What you will do: What is the number of lines below that contain the word "Homemade"? Give only that number.

Records for this exercise:
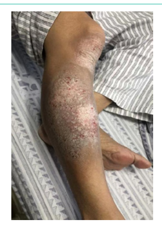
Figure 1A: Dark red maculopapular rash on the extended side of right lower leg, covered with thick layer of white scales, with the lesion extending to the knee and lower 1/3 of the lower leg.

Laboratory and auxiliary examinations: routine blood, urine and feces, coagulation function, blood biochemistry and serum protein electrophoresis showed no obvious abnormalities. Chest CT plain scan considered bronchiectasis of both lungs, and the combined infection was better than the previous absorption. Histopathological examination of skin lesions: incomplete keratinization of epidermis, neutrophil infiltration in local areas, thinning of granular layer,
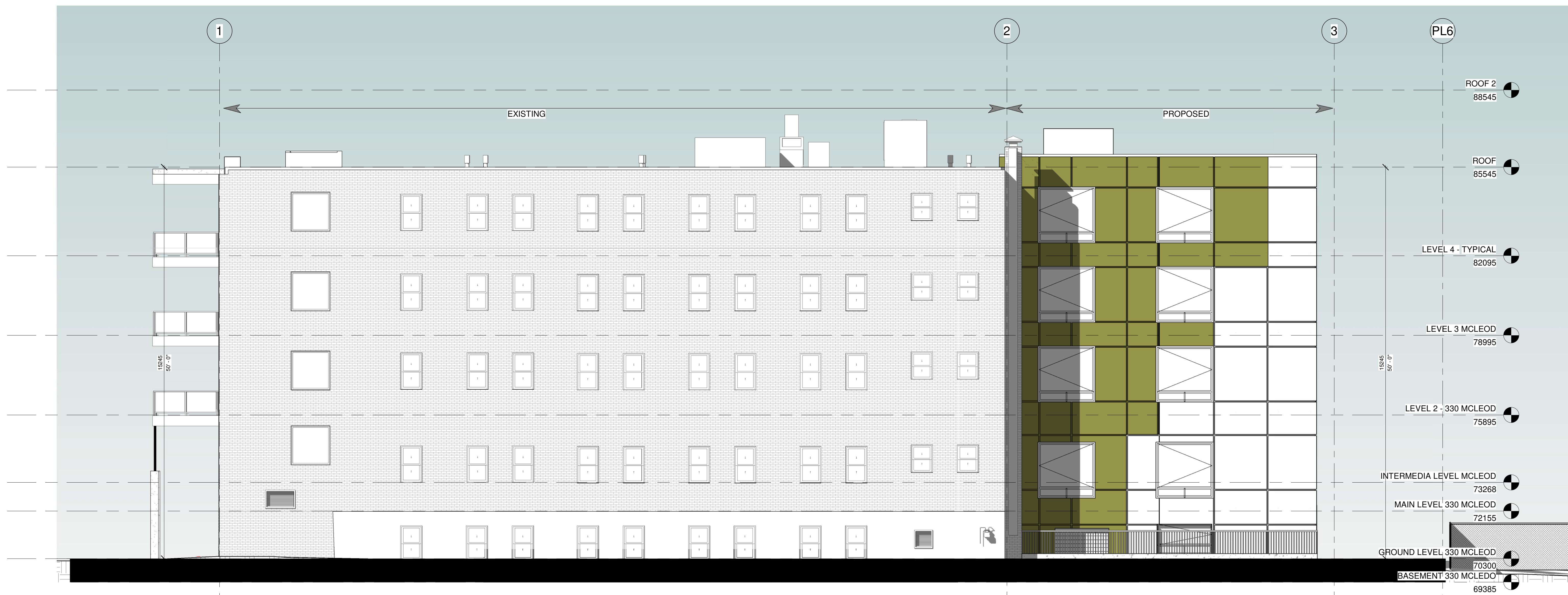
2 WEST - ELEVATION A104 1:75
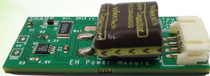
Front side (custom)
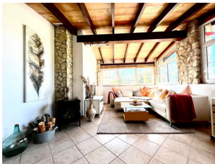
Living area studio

...

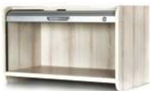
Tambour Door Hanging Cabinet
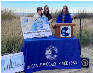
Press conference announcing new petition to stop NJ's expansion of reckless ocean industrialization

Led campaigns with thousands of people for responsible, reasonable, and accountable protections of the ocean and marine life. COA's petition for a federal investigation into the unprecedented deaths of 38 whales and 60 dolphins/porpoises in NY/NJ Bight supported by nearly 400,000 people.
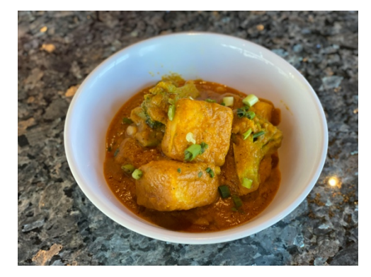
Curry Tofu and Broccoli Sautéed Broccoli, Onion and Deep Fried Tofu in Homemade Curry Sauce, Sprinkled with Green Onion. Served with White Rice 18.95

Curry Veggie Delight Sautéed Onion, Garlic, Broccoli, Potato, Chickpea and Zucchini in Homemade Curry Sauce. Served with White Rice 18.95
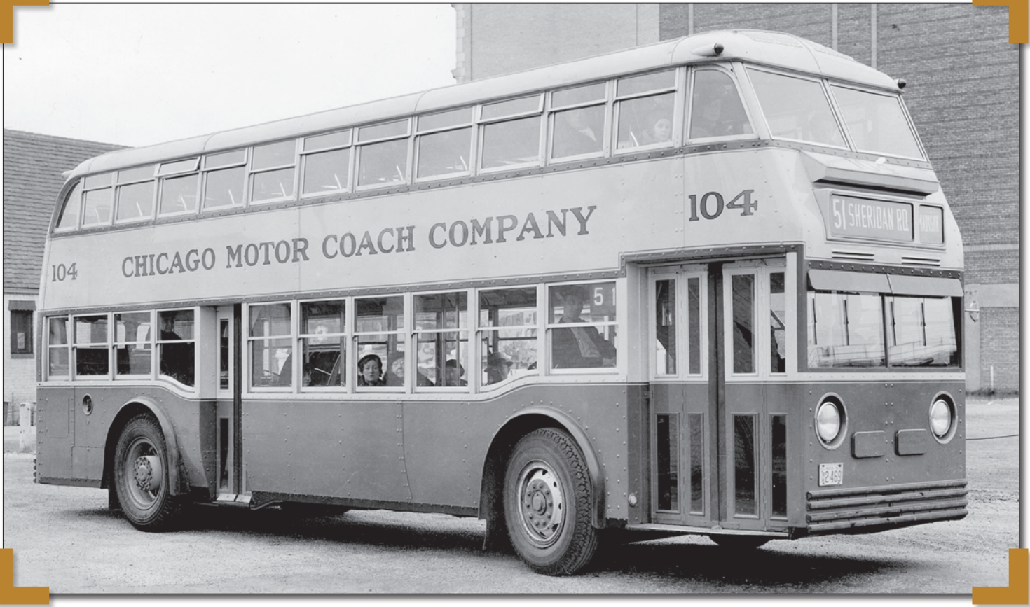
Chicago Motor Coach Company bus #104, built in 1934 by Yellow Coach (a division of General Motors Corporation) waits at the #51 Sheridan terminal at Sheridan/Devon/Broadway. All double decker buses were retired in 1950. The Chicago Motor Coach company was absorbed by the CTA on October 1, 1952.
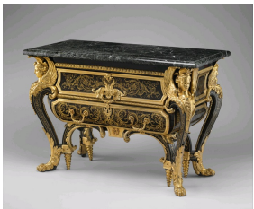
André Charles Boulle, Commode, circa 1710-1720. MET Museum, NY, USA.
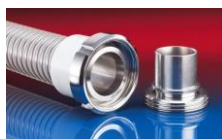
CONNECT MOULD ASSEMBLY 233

---

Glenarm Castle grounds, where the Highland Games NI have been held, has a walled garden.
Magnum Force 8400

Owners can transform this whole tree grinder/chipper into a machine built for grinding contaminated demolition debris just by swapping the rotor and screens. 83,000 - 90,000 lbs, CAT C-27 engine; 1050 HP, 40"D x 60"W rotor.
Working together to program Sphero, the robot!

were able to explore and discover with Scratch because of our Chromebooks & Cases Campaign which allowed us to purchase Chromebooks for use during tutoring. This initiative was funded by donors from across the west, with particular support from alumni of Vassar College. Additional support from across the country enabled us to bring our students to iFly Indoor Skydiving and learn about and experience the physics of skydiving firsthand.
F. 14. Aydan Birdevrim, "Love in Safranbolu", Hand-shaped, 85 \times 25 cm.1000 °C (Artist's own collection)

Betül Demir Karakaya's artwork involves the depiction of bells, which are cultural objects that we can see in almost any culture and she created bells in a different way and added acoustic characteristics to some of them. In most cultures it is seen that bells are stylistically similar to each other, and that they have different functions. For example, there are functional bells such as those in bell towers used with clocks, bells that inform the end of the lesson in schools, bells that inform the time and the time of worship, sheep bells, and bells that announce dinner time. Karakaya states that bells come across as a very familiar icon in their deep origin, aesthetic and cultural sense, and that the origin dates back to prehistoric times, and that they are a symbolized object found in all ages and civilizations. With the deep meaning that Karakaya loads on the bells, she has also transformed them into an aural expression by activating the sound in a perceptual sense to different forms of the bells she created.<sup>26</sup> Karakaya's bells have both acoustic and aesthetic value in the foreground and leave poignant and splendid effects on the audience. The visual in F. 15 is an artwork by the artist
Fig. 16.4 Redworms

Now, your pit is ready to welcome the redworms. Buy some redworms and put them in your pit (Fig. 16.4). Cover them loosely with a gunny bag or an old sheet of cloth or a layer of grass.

Expected output: 2